A novel silicon PIN photodiode device for radiation exposure monitoring in dental CBCT

Abstract

This paper presents a versatile and cost-effective system for the monitoring of X-ray exposure during dental cone beam computed tomography procedures based on silicon PIN photodiode detectors. The system, developed and implemented at the University of Pisa's School of Engineering, underwent characterization under a range of operational conditions focusing on full field-of-view 3D protocols used in adult patient examinations. This study was facilitated by the Azienda Ospedaliero Universitaria Pisana, which provided access to a Planmeca ProMax 3D Classic scanner for the research. During the investigation, photodiodes were placed both on the surface and inside an Alderson RANDO phantom head to assess the dose delivered to regions near radiation-sensitive areas such as the salivary glands, thyroid, eye lens, and laryngopharynx. The evaluation process spanned a spectrum of tube voltages, ranging from 60 to 90 kVp, and tube currents, extending up to 16 mA, to ensure a broad and thorough analysis. Furthermore, to reinforce the effectiveness of the silicon photodiodes' measurement capabilities, calibrated GR-200 A-type thermoluminescent dosimeters were positioned within the phantom head inserts to serve as a reference point.

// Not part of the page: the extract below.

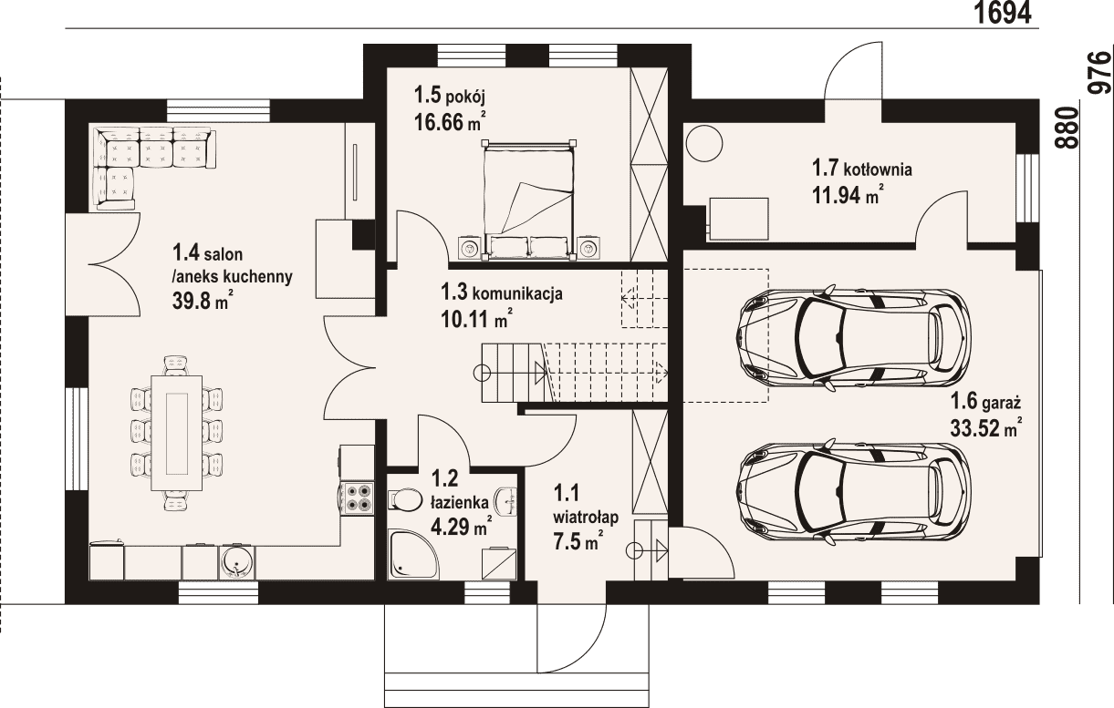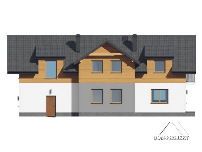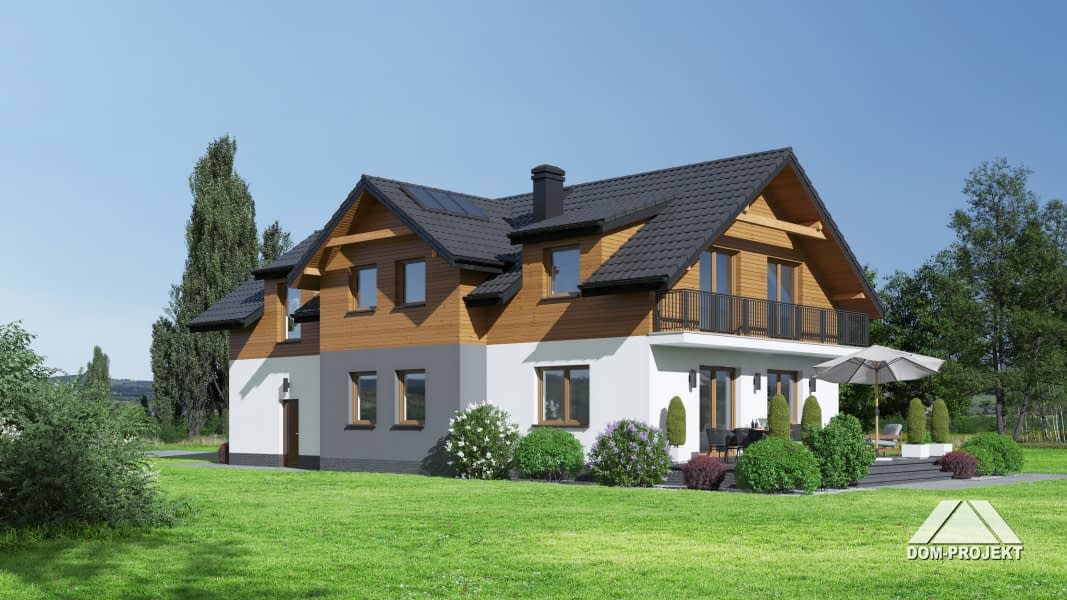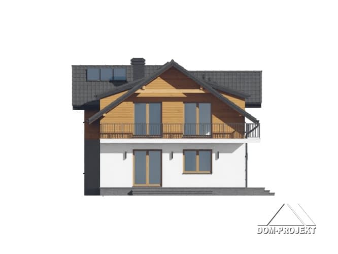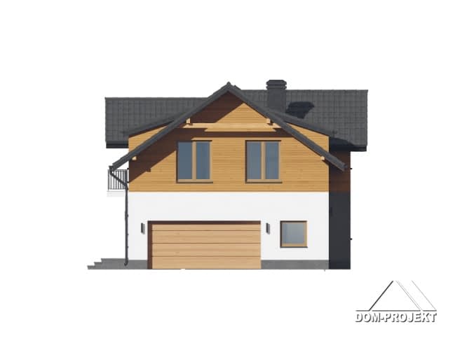 Dom z poddaszem użytkowym. Na parterze duży salon z aneksem kuchennym, kominkiem oraz wyjściem na taras. Pokój, komunikacja, łazienka, wiatrołap, kotłownia oraz garaż na dwa samochody. Na poddaszu cztery pokoje, garderoba, łazienka i komunikacja. Zwarta bryła budynku oraz dach dwuspadowy sprzyjają szybkiej i taniej budowie oraz niskim kosztom eksploatacji.Rzuty

Complementing this setup, PCXMC Rotation 2.0 simulations were conducted to further the efficacy of the monitoring system, particularly tailored to the specific dental CBCT protocols being investigated. In conclusion, while the research revealed a generally consistent correlation across PCXMC simulations, photodiode readings, and thermoluminescent dosimeter measurements, it is important to note that a direct comparison was not exactly possible due to limitations in the size and positioning of the systems. Variations up to 20–35% were observed, primarily due to the different positioning of the dosimeters and the unique physical and operational traits of the different measurement methods employed. Nevertheless, the development of an affordable, easily deployable, and scalable dosimetry monitoring system may provide a substantial contribution to enhancing patient safety in dental radiology and aid in the optimization of diagnostic X-ray protocols.